Sandra Lee Boham is an American academic administrator who served as the president of Salish Kootenai College (SKC) from 2016 to 2024. An enrolled member of the Confederated Salish and Kootenai Tribes, she has worked in Indian education for several decades, holding positions in public school districts, tribal non-profits, and higher education institutions. Following her retirement from the college presidency, she was appointed chief operating officer of the Native Forward Scholars Fund in 2024.

== Early life and education ==
Boham was raised in St. Ignatius, Montana, and grew up as a military child. She is an enrolled member of the Confederated Salish and Kootenai Tribes of the Flathead Indian Reservation. Her father, Roy Martin, was originally from Kentucky, while her mother, Betty, was from the Flathead Reservation.

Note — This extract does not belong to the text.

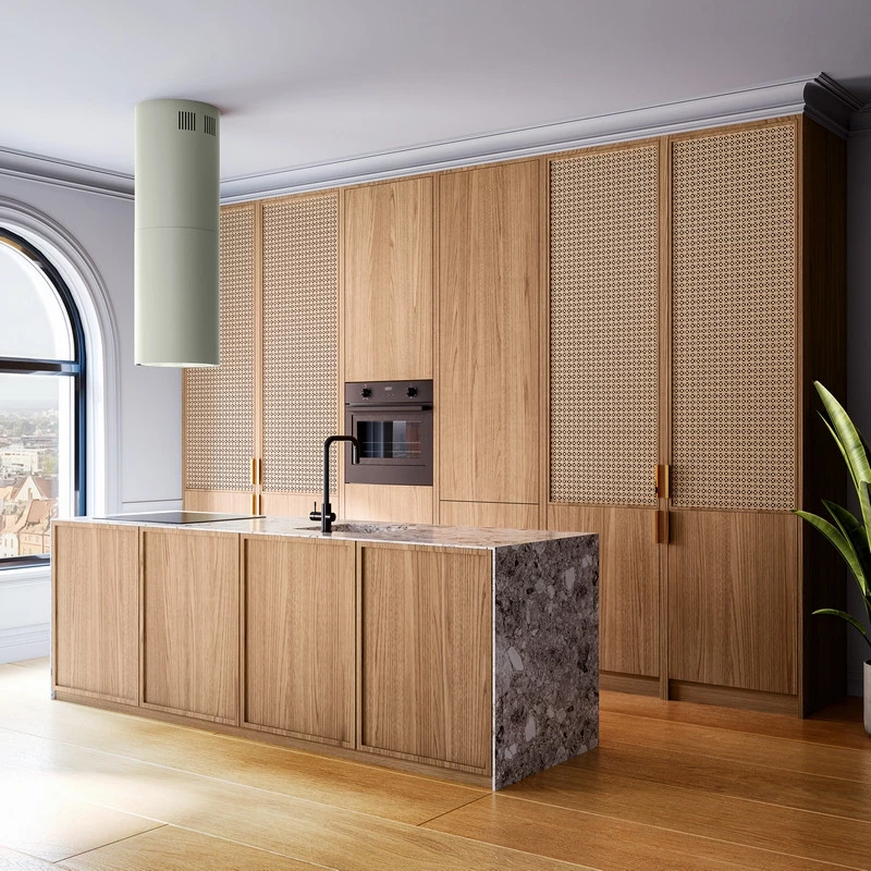 - Wbudowany filtr aluminiowy pochłania tłuste cząstki, chroniąc meble przed zabrudzeniami. Opcjonalny filtr węglowy neutralizuje zapachy, zapewniając świeżość w kuchni.

Boham graduated from St. Ignatius High School in 1978. She earned a B.A. in sociology from the University of Montana in 1982. She received a M.Ed. in Adult and Higher Education from Montana State University in 1991. In 2014, Boham earned a Ed.D. in Education Leadership from the University of Montana. Her dissertation was titled "The Relationship Between Intergenerational Educational Experiences, School Culture/Climate, and Racial Identity Among American Indian High School Students." John Matt was her faculty supervisor.

== Career ==
Early in her career, Boham taught math, English, and reading at the Women's Correctional Center in Warm Springs, Montana, for one year. From 1984 to 1986, she worked as a basic education instructor at the Kicking Horse Job Corps Center. She first joined the administration of Salish Kootenai College (SKC) in 1986, serving as the registrar and admissions officer until 1989.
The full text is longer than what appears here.